It’s hard to write about happy endings in the world of homeless services because homelessness, for most people, is a transitory situation. They had lives before they became homeless and it is the purpose of homeless services to help them towards lives after homelessness.
We learn that often the traumas and challenges that drive people into homelessness don’t end with a key to a home. As with all of us, some level of success leads to the next set of challenges. Over the last five years, in writing about the homeless and one organization’s attempts to help them, sometimes we’ve rushed to celebrate someone finding housing or getting a job or some other milestone on a path to some stability, only to see some new obstacle or bad decision (which we all make our share of, right?) knock them backwards.

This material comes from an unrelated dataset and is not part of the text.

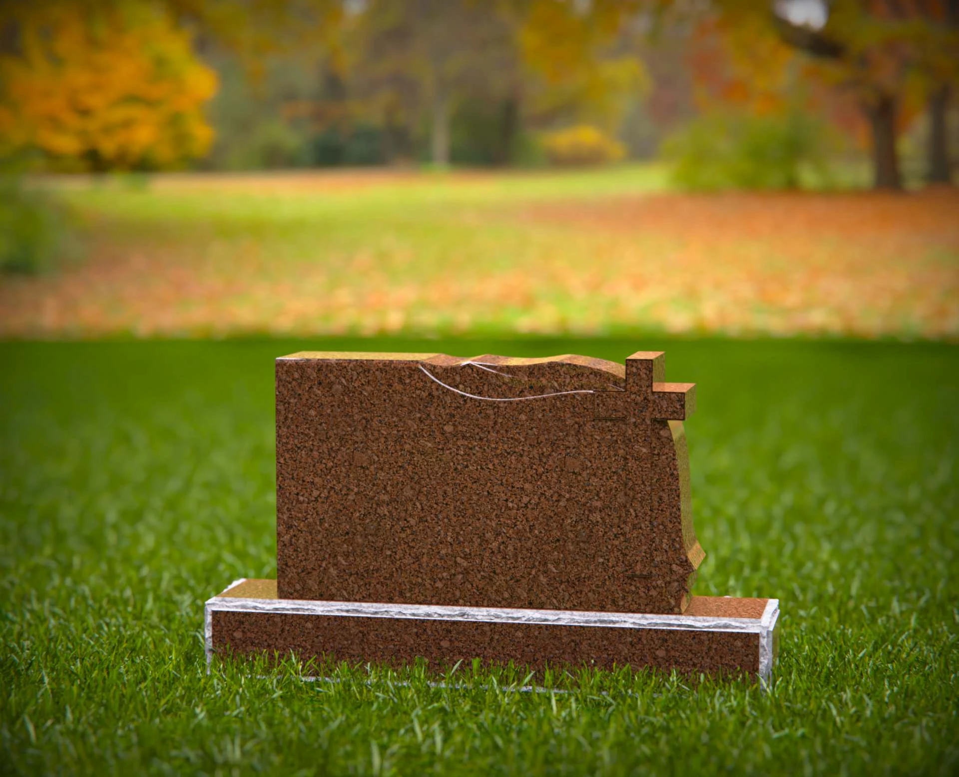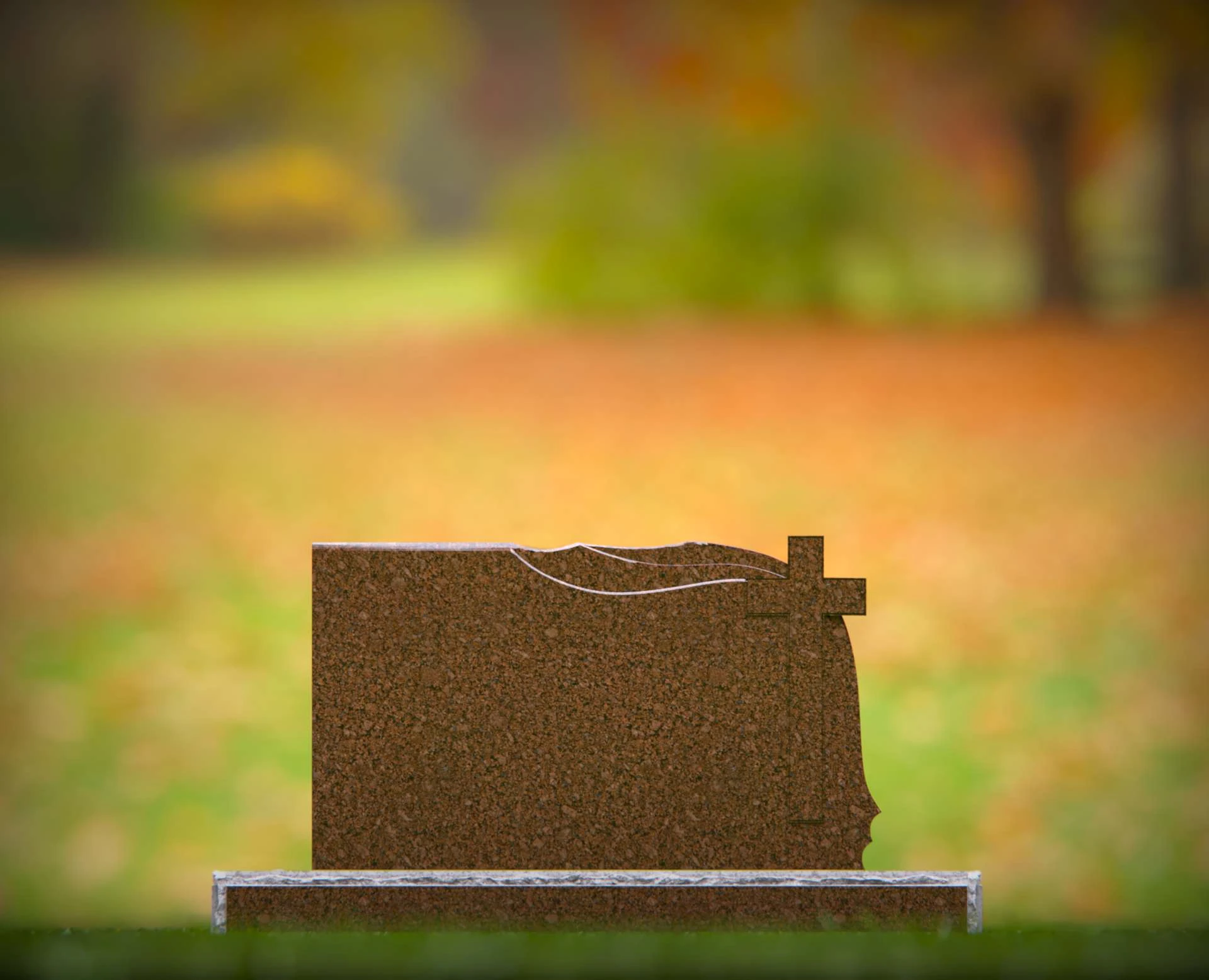 Dieser wunderschön gefertigte Grabstein aus Granit zeichnet sich durch ein einzigartiges asymmetrisches Design mit einem polierten Kreuz in der oberen rechten Ecke aus. Die glatten, geschwungenen Details entlang der Oberseite verleihen ihm ein elegantes Aussehen, das Glauben und ewigen Frieden symbolisiert. Der hochwertige Granit garantiert Langlebigkeit und bietet eine würdige Würdigung eines geliebten Lebens.

It’s made us a little gun-shy. We don’t want to be a jinx on the too-often tenuous pathways out of homelessness.
But we do have to celebrate victories of compassion, knowing that they are seldom endings, but that they can be significant steps that help to build a more empathetic and supportive community.
There’s a little church on a big plot of land in Santa Clara that just took an amazing and brave step to help the homeless. The church is Messiah Lutheran.

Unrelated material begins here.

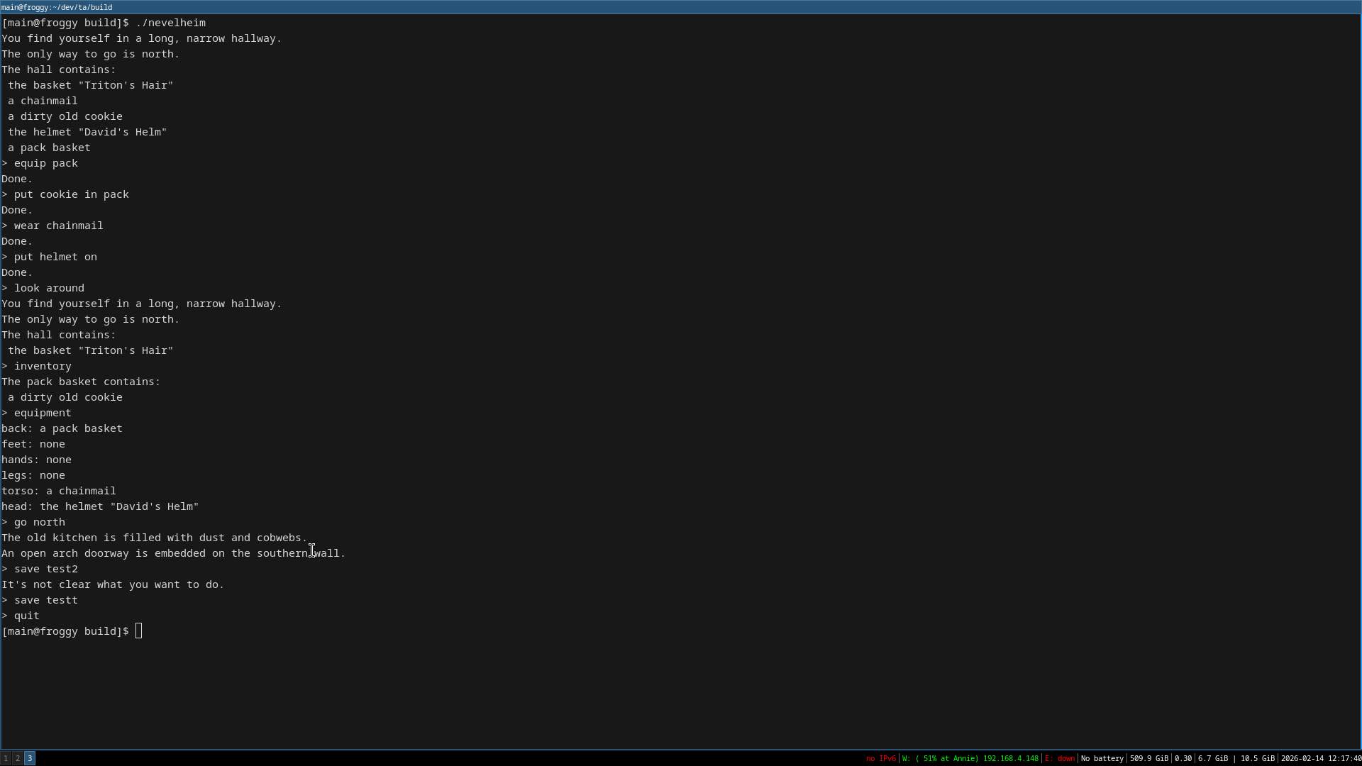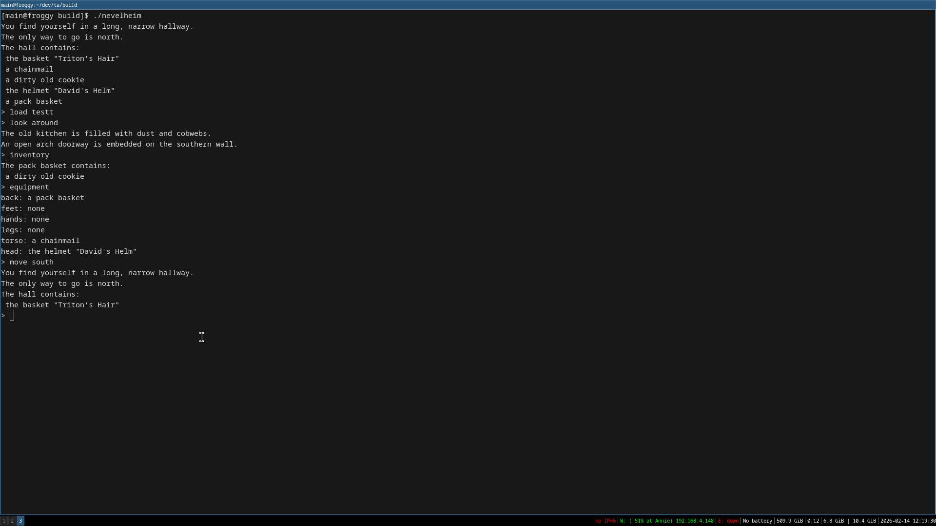 So now that I have serialization working the next step is custom dynamic behavior. Basically having commands change the world depending on specific conditions.The idea is so that I can eventually have things like locked doors and chests, rooms that change (like breaking through a crack in the wall), et cetera. I'll come up with a basic example and see if I can get it done by tomorrow. I have to get ready for work soon.Post dev musichttps://youtu.be/ap87QgZKTNw?si=WbYi4E3iGuVzzv8xhttps://youtu.be/Pb4j2UqkOJ0?si=9wUx4XZNwojHI2Lchttps://youtu.be/7sw3nDbQ4IY?si=wo3x-jffy0SHX0IR

Some may remember it as the site of a contentious meeting last spring at which a surprisingly large number of people showed up to shut down LTD’s proposal to host a few homeless people on a large corner lot that the transit agency isn’t using right now. One longtime Eugene journalist described it as the ugliest meeting he’d ever seen. The bottom line seemed to be “We don’t want those kind of people around here.”

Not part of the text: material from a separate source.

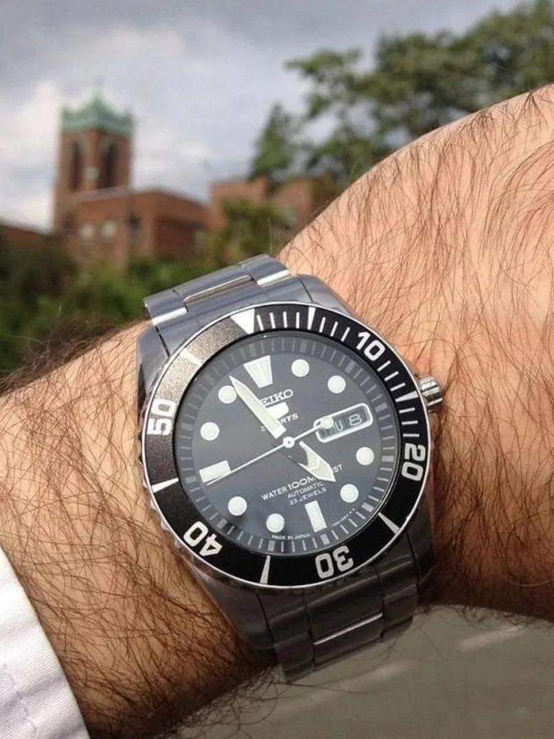 • Циферблат в дайверском стиле, аппликация крупных часовых меток.

While all that unpleasantness was going on, the congregation at Messiah Lutheran was contemplating the legacy it might leave to the Santa Clara community. There are only about 30 members left and their average age is 76. “With us getting older, our congregation getting smaller, do we want to just fold up and let the property go into houses,” asks congregation president Anita Bjerklund. “And nobody remembers Messiah was here because they don’t remember anything outstanding that Messiah has done to help the community.”
No, they decided, that was not how it was going to go. At a congregational meeting in May, they voted 17-4 to host two homeless people, becoming the first hosts under a pilot program allowing overnight car camping in the River Road-Santa Clara area.
Working with North Eugene Homeless Advocacy and St. Vincent de Paul, they made arrangements to have two Conestoga Huts from Community Supported Shelters installed behind the church.
Two women who had been homeless now have roofs over their heads, beds to sleep in, doors to lock to keep their stuff and themselves safe — and a compassionate church community to support them.
Bjerklund refers to the two women as the church’s new “neighbors.” And the women have been welcomed by the church’s existing neighbors, too. Soon after they moved in, a neighbor living on the other side of fence draped with a blackberry bush, brought them homemade blackberry cobbler. Another neighbor gave them pruning shears to cut away the thorny branches to get at the choicest berries.
Leaving a legacy is the opposite of an ending. Bjerklund hopes that what they are doing at Messiah Lutheran might open the hearts of more of their Santa Clara neighbors.
The Christian Bible says that loving your neighbor is right up there with loving God as the two most important commandments. Maybe the legacy the brave congregation at Messiah Lutheran is leaving for Santa Clara and for all of us is to broaden the definition of neighbor beyond those who live in proximity to us to include those who seem like strangers, “those kind of people,” who we can bring in to our communities with open hearts and simple kindness.